→ EXERCISE DESCRIPTION
Apart from the images, output the data below exactly.

→ DATA SEGMENT
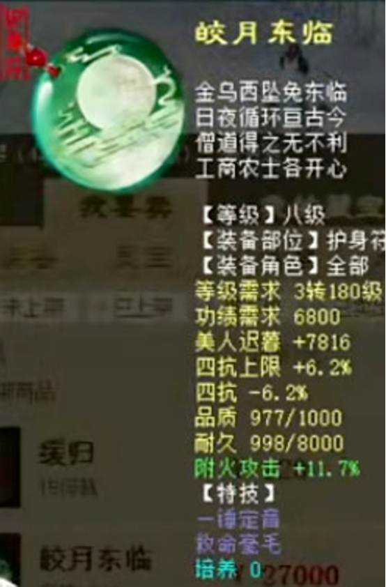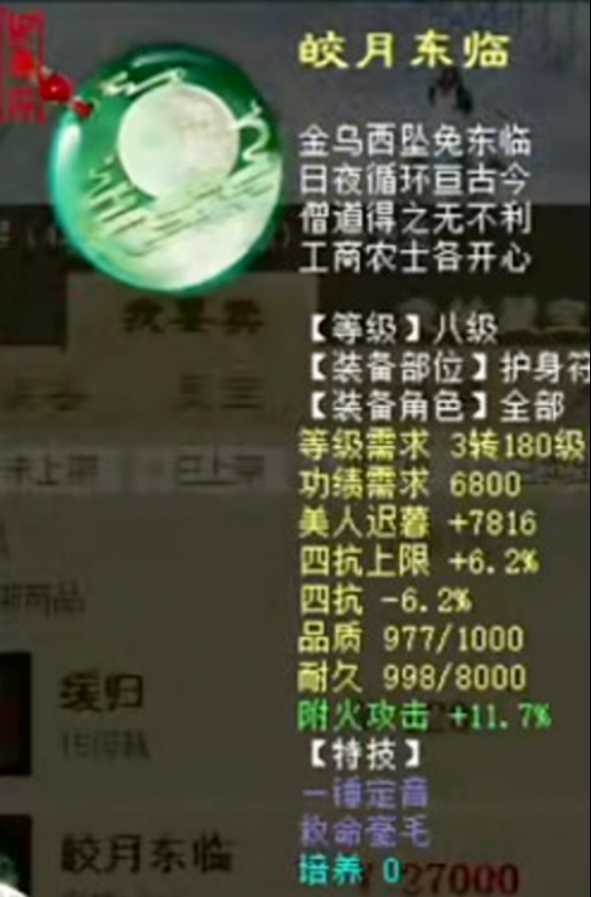 一条十五级项链,有人说价值超越百万?召唤兽技能翻倍当天,他给飞轩点出了问号?一颗10级120加速宝石诞生,全服有几颗?五级震天戟上六,能成功否?2.7万的双特技护身符,有人要吗? 兄弟们好!今天的大话新鲜事栏目准时奉上,一起来欣赏其中的精彩内容吧! 一、普通项链,价值超百万? 小编收到投稿,一条十五级项链炼化出男人极品属性,有人说价值超越百万?但怎么看都有点不对劲! 项链全貌 底子抗封印36.7、根骨33,炼化加强混5、忽视抗混4,大话真有这样的炼化属性吗?小编也是头一次见到,兄弟们觉得这图是真是假? 二、技能翻倍当天出问号,赚大了! 召唤兽技能翻倍当天,他就给飞轩点出了问号,这就是传说中的鸡驴眷顾吗? 问号飞轩 一只还未成型的六艺神兽飞轩,竟然点出了问号,年终奖提前到手了啊,感谢表哥! 三、十级120加速宝石,全服少见! 一颗十级120的宝石重铸,玩家表示只要加速的,可这样的加速宝石全服都没几个啊! 紫烟石重铸 加速琉璃石 瞬间成功,能带这宝石的人,肯定不是一般人了,有人知道这是哪位大神吗? 四、五级震天戟冲六! 玩家给自己的五级附吸神兵“震天戟”上六,能不能来个一发入魂? 五级震天戟 上六魂 神兵损坏 一把五级附震慑攻击神兵,直接拿六魂冲六,结果跟小编想的一样,直接碎掉,虽说是一把垫底,但这是不是有点可惜了? 五、双特技护身符2.7万? 八级护身符皎月东临,带双特技,售价竟高达2.7万,这都差不多能买把五阶仙器了吧? 护身符 八级护身符,底子四抗上限、美人迟暮,品质977,特技:一锤定音(减少被连击几率15%)、救命毫毛(被物理攻击时一定几率触发物理伤害减半效果),男鬼和女魔一般都带返生香,什么种族带这护身符合适,价格方面是不是偏贵了? 今天的大话新鲜事就到这里了,感谢小小七、赵公子、刀剑如梦、师傅马保国、追风过海等玩家们的热心投稿,小伙伴们如果在游戏内外碰见任何有意思的事情,都可以给我们投稿哦! [编辑:韦小贝]
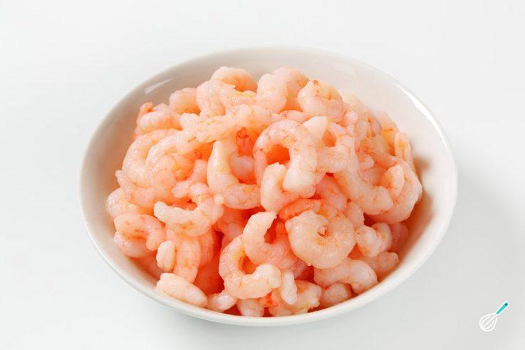 Em uma panela, cozinhe os camarões em água fervente com sal. Escorra e reserve.
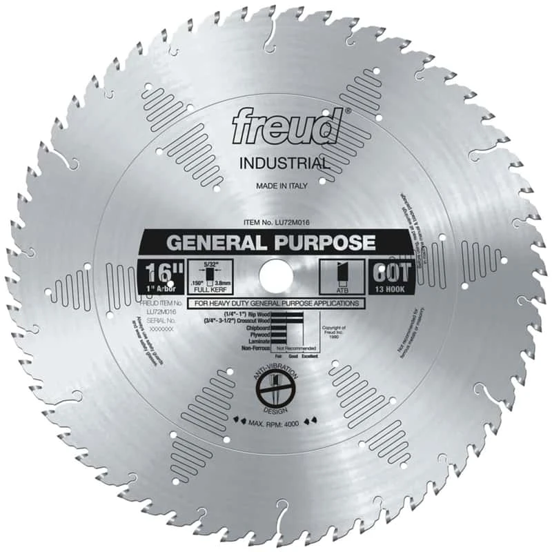 Freud 16 In. D X 1 In. General Purpose TiCo Hi-Density Carbide Circular Saw Blade 60 Teeth 1 Pk

→ PROBLEM SOLUTION
 一条十五级项链,有人说价值超越百万?召唤兽技能翻倍当天,他给飞轩点出了问号?一颗10级120加速宝石诞生,全服有几颗?五级震天戟上六,能成功否?2.7万的双特技护身符,有人要吗? 兄弟们好!今天的大话新鲜事栏目准时奉上,一起来欣赏其中的精彩内容吧! 一、普通项链,价值超百万? 小编收到投稿,一条十五级项链炼化出男人极品属性,有人说价值超越百万?但怎么看都有点不对劲! 项链全貌 底子抗封印36.7、根骨33,炼化加强混5、忽视抗混4,大话真有这样的炼化属性吗?小编也是头一次见到,兄弟们觉得这图是真是假? 二、技能翻倍当天出问号,赚大了! 召唤兽技能翻倍当天,他就给飞轩点出了问号,这就是传说中的鸡驴眷顾吗? 问号飞轩 一只还未成型的六艺神兽飞轩,竟然点出了问号,年终奖提前到手了啊,感谢表哥! 三、十级120加速宝石,全服少见! 一颗十级120的宝石重铸,玩家表示只要加速的,可这样的加速宝石全服都没几个啊! 紫烟石重铸 加速琉璃石 瞬间成功,能带这宝石的人,肯定不是一般人了,有人知道这是哪位大神吗? 四、五级震天戟冲六! 玩家给自己的五级附吸神兵“震天戟”上六,能不能来个一发入魂? 五级震天戟 上六魂 神兵损坏 一把五级附震慑攻击神兵,直接拿六魂冲六,结果跟小编想的一样,直接碎掉,虽说是一把垫底,但这是不是有点可惜了? 五、双特技护身符2.7万? 八级护身符皎月东临,带双特技,售价竟高达2.7万,这都差不多能买把五阶仙器了吧? 护身符 八级护身符,底子四抗上限、美人迟暮,品质977,特技:一锤定音(减少被连击几率15%)、救命毫毛(被物理攻击时一定几率触发物理伤害减半效果),男鬼和女魔一般都带返生香,什么种族带这护身符合适,价格方面是不是偏贵了? 今天的大话新鲜事就到这里了,感谢小小七、赵公子、刀剑如梦、师傅马保国、追风过海等玩家们的热心投稿,小伙伴们如果在游戏内外碰见任何有意思的事情,都可以给我们投稿哦! [编辑:韦小贝]
 Em uma panela, cozinhe os camarões em água fervente com sal. Escorra e reserve.
 Freud 16 In. D X 1 In. General Purpose TiCo Hi-Density Carbide Circular Saw Blade 60 Teeth 1 Pk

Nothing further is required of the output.